Earlier, a reference design of the Snapdragon 8 Elite was tested at its default clock speeds of 4.32GHz, and while its single-core results continued to trail behind Apple's A18 Pro, it achieved the highest multi-core score for a smartphone with 10,617 points, beating other competing Android SoCs by up to 47 percent. The latest feat was shown by Nicolas La Rocco, showing that the two performance cores belonging to the Snapdragon 8 Elite were operating at 4.57GHz, while the six efficiency ones remained at 3.53GHz.
When running Geekbench 6, the Snapdragon 8 Elite with the overclocked performance cores achieves unprecedented results, attaining a single-core score of 3,407, with the multi-core figure even higher at 10,875. When we compared the single-core results with the A18 Pro on Geekbench 6's database, we found that the Snapdragon 8 Elite beat the A18 Pro powering various iPhone 16 Pro and iPhone 16 Pro Max while losing to others. In short, it is incredible what Qualcomm has accomplished with the latest chipset, but it comes at a steep cost.

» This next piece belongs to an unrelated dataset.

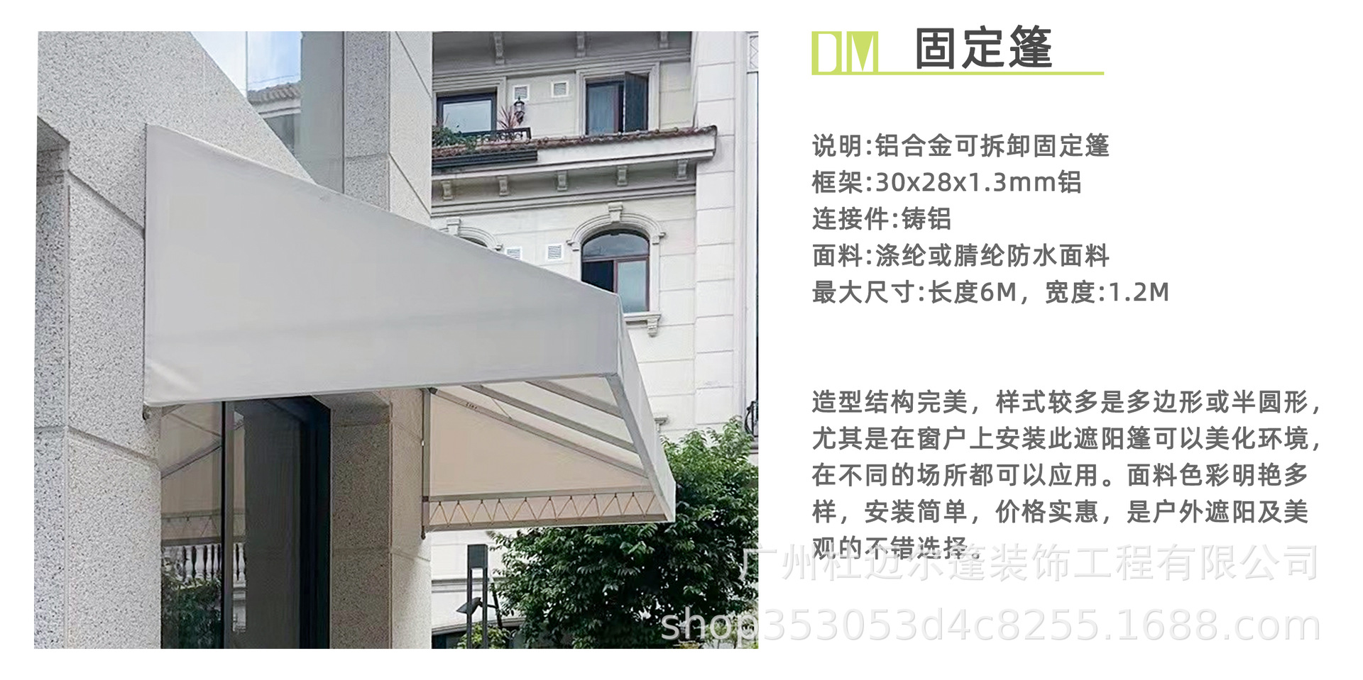프랑스 차양 사다리꼴 고정 창고 매장 카페 유럽 스타일의 새로운 장식 캐노피 야외 문 비
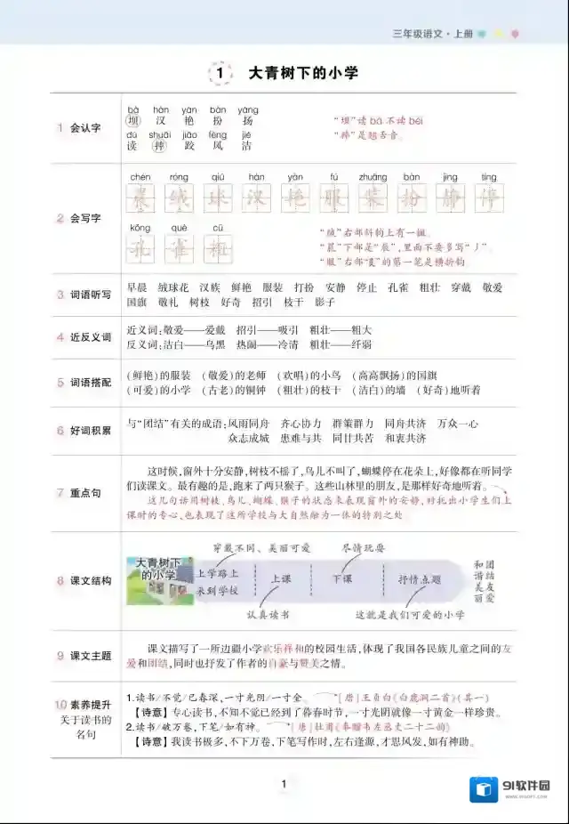 状元语文笔记(背记清单)3年级上册 pdf格式 百度云网盘

Previously, when comparing the efficiency levels of the Snapdragon 8 Elite and A18 Pro, Apple's latest 3nm SoC consumed slightly less power while delivering a higher single-core in Geekbench 6, delivering the best 'performance per watt' results of any smartphone silicon, at least in one particular test. With the Snapdragon 8 Elite's cores running at 4.57GHz, the power draw would be much higher while producing diminished results, spiking the thermals. We doubt these clock speeds can be sustained when running prolonged workloads, but we are interested to see what performance limits can be crossed with Qualcomm's latest and greatest.